2. Description of the Related Art
In the manufacture of unpackaged semiconductor die it is often desirable to establish electrical connections between the bonding pads of the die and other electrical devices for testing or other purposes. For example, burn-in and full functionality tests are typically performed to certify each bare die as a known good die (KGD). During these test procedures, the bare die are loaded into a test carrier, which takes the place of a conventional plastic or ceramic semiconductor package. A typical test carrier consists of a die cavity plate that has a die cavity formed therein and a plurality of pins that extend from the die cavity plate for connection to test apparatus. The configuration of such a die cavity plate is similar to a standard ceramic dual in-line package (CERDIP). Prior to testing, a bare die is inserted into the die cavity and temporarily connected to communicate electrically with the external pins of the die cavity plate.
The die cavity plate is then connected to a particular test apparatus. These types of test apparatus typically include an interconnect component for establishing the temporary ohmic connection between the bare die and the pins of the test carrier. One example of such an interconnect component known in the art utilizes an interconnect formed on a silicon substrate with integrally formed silicon contact members.
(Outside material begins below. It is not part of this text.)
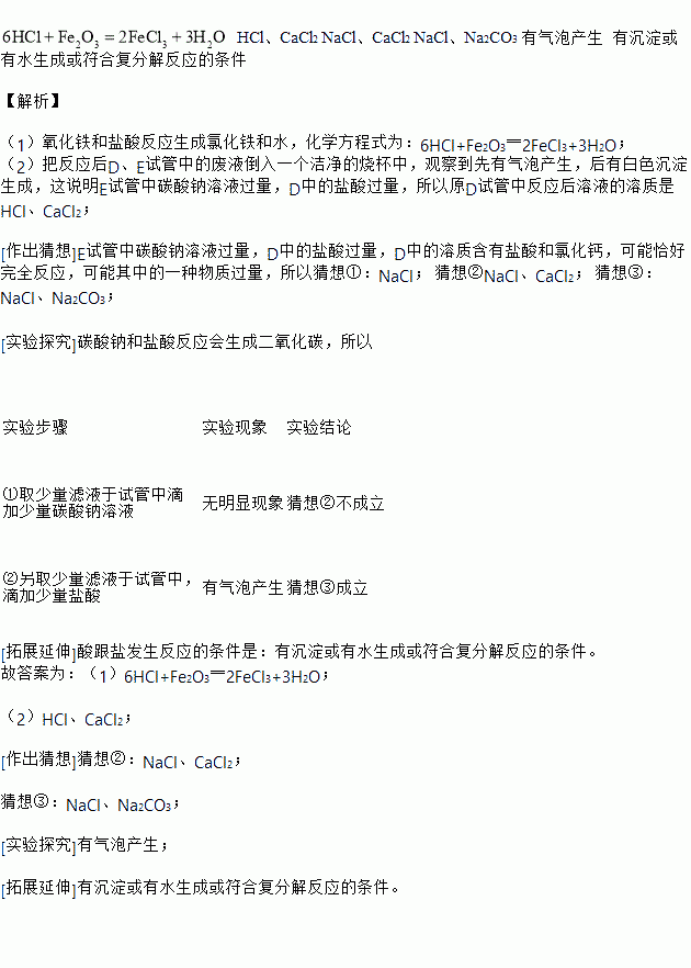 (2)小王同学把反应后D、E试管中的溶液倒入一个洁净的烧杯中,观察到先有气泡产生,后有白色沉淀生成。过滤,得到白色沉淀和无色滤液。

The integrally formed contact members are positioned and configured to contact the individual contact pads on the die, and the ultimate ohmic connection with the pins of the test carrier is made via bonding wires. Another type of interconnect component known in the art incorporates microbump contact members. The microbump contact members consist of metal bumps formed on conductor traces that are attached to an insulative film, such as polyimide. The microbumps are configured and spaced to make electrical contact with the bonding pads of the bare die. The conductor traces are adapted to establish a circuit path to the microbumps. The conductor traces are ordinarily electrically connected to the external pins of the test carrier via bonding wires. For forming the interconnect component, the combination of the insulative film with the microbumps and conductor traces attached thereto can be mounted to a rigid substrate.
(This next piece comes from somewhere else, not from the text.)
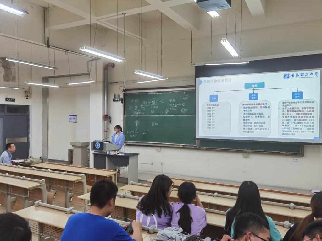 考研考公和出国成功的学长们为大家讲述相关政策及心路历程。从心态调整,时间安排,注意事项等方面,细致耐心地与到场同学进行交流。他们详细介绍了去年学院推免的名额分配、基本条件和具体要求,让同学们清晰地知晓学院推免的流程和需要从学习成绩、社会实践、专业技能、比赛、专利及论文等方面去努力的方向;以及参加夏令营需要做的前期准备、个人简历的书写以及联系导师的方法,为同学们顺利考研考公出国进行全方位的规划。交流会现场气氛热烈,学长们耐心解答了包括如何制定每日计划、面试、导师选择等诸多与考研息息相关的问题。

There are certain disadvantages associated with each of the aforementioned interconnect components. The interconnect component formed on a silicon substrate with integrally formed silicon contact members requires complex, time-consuming, and costly semiconductor device fabrication techniques. The manufacturing process for the microbump interconnect component is similarly complicated and costly. In the typical process flow, the conductive traces are formed by electroplating a patterned metal layer on the insulating film or by laminating a layer of metal to the insulating film and, then, etching the metal layer to form the conductor traces. In either case, a masking step is required to outline the pattern for the conductor traces. After the conductor traces are formed, holes or vias are established in the insulating film and metal is electroplated into the vias to form the microbumps.
The present invention is directed to overcoming, or at least reducing the effects of, one or more of the aforementioned disadvantages.